How can I use default arguments in a method with python-fire?

Question

I am having an issue with python-fire when a method has arguments with default values. Consider the following code:

import fire

class SomeClass(object):
    def __init__(self):
        self.a = ''
        self.b = ''

    def methoda(self):
        self.a = 'A'
        return self

    def methodb(self, x='B123'):
        self.b = self.a + x
        return self

    def __str__(self):
        return self.b

if __name__ == '__main__':
    s = SomeClass()
    s.methodb().methoda()
    print(s.b) # this prints B123 correctly

    fire.Fire(SomeClass)

As seen in the comments, in the print(s.b), it is printingB123` correctly. But when i change the order of the methods being called in fire from the command line, I am getting the odd behavior.

Example:

> python x.py
B123 # correct

> python x.py methoda methodb
Here: B123
AB123 # both correct

> python x.py methodb --x B123 methoda
Here: B123
B123 # again both correct

> python x.py methodb methoda
Here: B123
methoda # this is not correct.

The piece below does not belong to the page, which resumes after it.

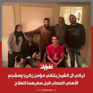 ركي آل الشيخ يلتقي مؤمن زكريا ومشجع الأهلي المصاب قبل سفرهما للعلاج

It should print B123 here also

As you can see with the last example, if i call methodb (which has an argument with a default value), it prints methoda instead of B123 as expected.

My question is, How can I use a method that has a default argument value first in this type of scenario without passing in --x=something?

In short, how can i make > python x.py methodb methoda properly print B123?

Answer 1

You need to change def methodb(self, x='B123'): to def methodb(self, *, x='B123'):, which makes x a keyword only argument, so it can no longer be used as a positional argument. This way fire will use the default value.

There has also been a github issue discussing this.